В девяносто первом году Ольга бросила его, как бросают в урну липкую обертку от доеденного мороженого, и удрала с заезжим уланом — не то следуя ветреному велению своего литературного имени, не то действительно поддавшись обаянию нездешнего варяга, щедрого, щеголеватого красавца с пышными офицерскими усами, вечно присыпанными красным перцем кстати рассказанного и всегда похабного анекдотца.

Пока жена упаковывала чемоданы (улан деликатно ждал у подъезда в невнятно бурчащем такси), быстро переступая красивыми ловкими ногами пытающиеся спастись вещи, Лужбин молча сидел в углу на неизвестно откуда приблудившейся табуретке, изумленно разглядывая свои трясущиеся руки. Удар, который он пропустил, оказался такой анестезирующей силы, что Лужбин не испытывал даже боли — только тихое, граничащее с безумием недоумение. Как будто коридор, по которому он уверенно шел, чтобы получить заслуженную награду на алой подушке и всеобщий гул радостного одобрения, внезапно закончился безмолвной площадью, в центре которой торчала черная, словно обугленная, виселица да маялся со скуки не проспавшийся после вчерашнего палач в грязноватом, скучном, предрассветном балахоне.
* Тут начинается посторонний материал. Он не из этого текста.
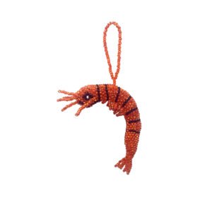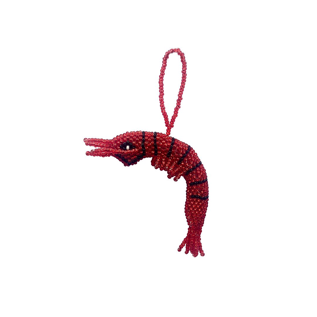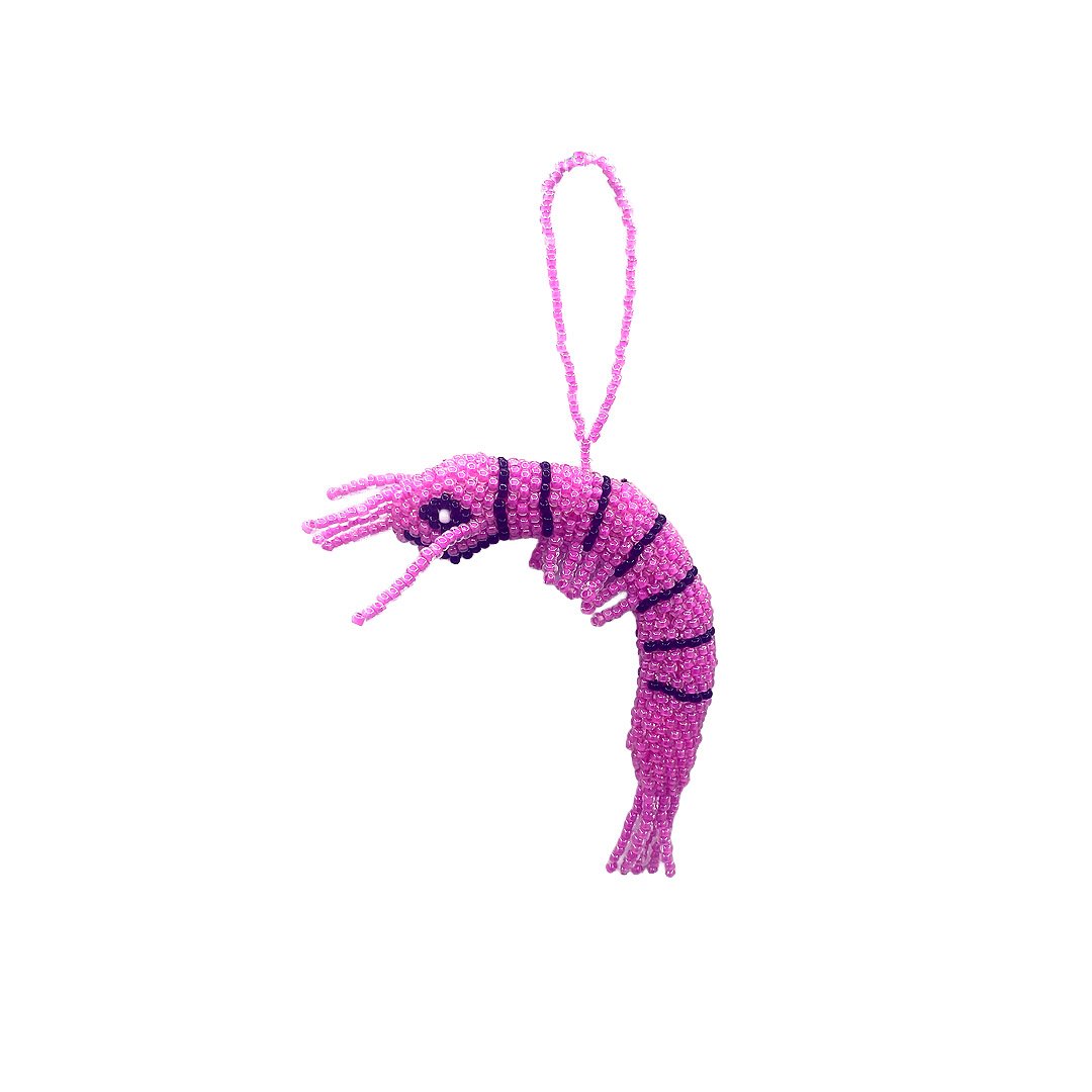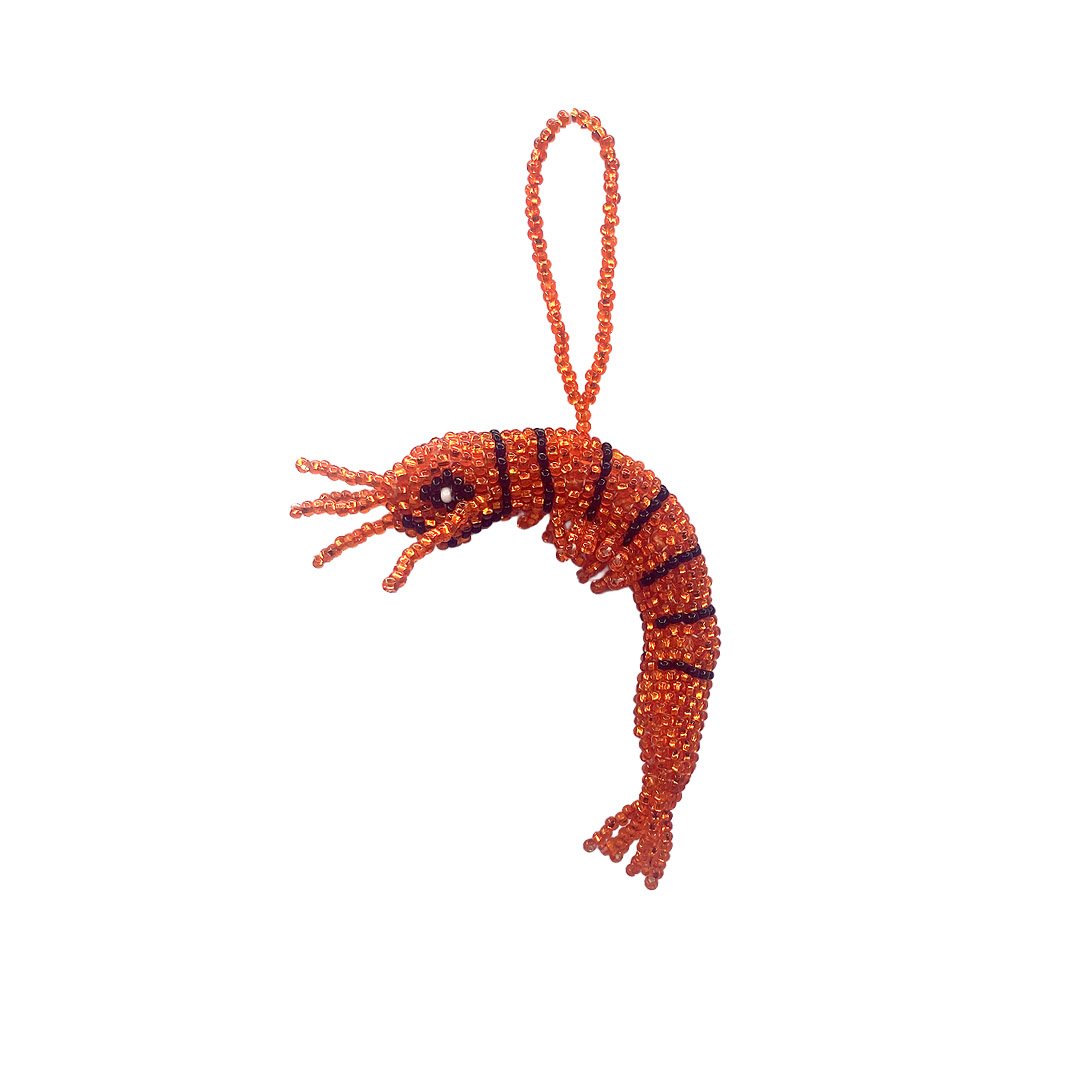 Seed bead animal figurine hanging ornament of a shrimp. With great skill and patience, Guatemalan natives carefully craft each one of these treasures with Czech glass seed beads.

Когда взвизгнула последняя молния на последней сумке, Лужбин все еще пытался понять, что сделал не так, в чем провинился, где совершил жуткую ошибку, которая заставила жену вот так, мимоходом, выдрать из жизни пять лет их счастливого — ну счастливого же! — абсолютно счастливого брака. Ольга попробовала сорвать с насиженного места собственное прошлое, с трудом вместившееся в три разновеликие спортивные сумки и один неприлично раздутый чемодан, не смогла и метнула в Лужбина сердитую пепельно-зеленую молнию — помоги же, растяпа! Он послушно встал, вынес из квартиры вещи, аккуратно устроил на лестничной площадке. Обернулся.

— Дальше я сама, — милостиво разрешила Ольга, запахиваясь, застегиваясь, заматывая вокруг шеи ярко-красный длиннющий шарф — в апреле в Энске холодно, у нее всегда было слабое горло, и весной и осенью она мучилась от бесконечных ангин, и сонный Лужбин по ночам приносил ей попить разлохмаченный клюквенный морс, она бормотала что-то хриплым горячим шепотом и засыпала снова, прижавшись к нему всем телом, огненная от жара, влажная, невозможно желанная. Невозможно.

— Оля, — сказал он и сам испугался, услышав свой собственный голос. — Оля, почему?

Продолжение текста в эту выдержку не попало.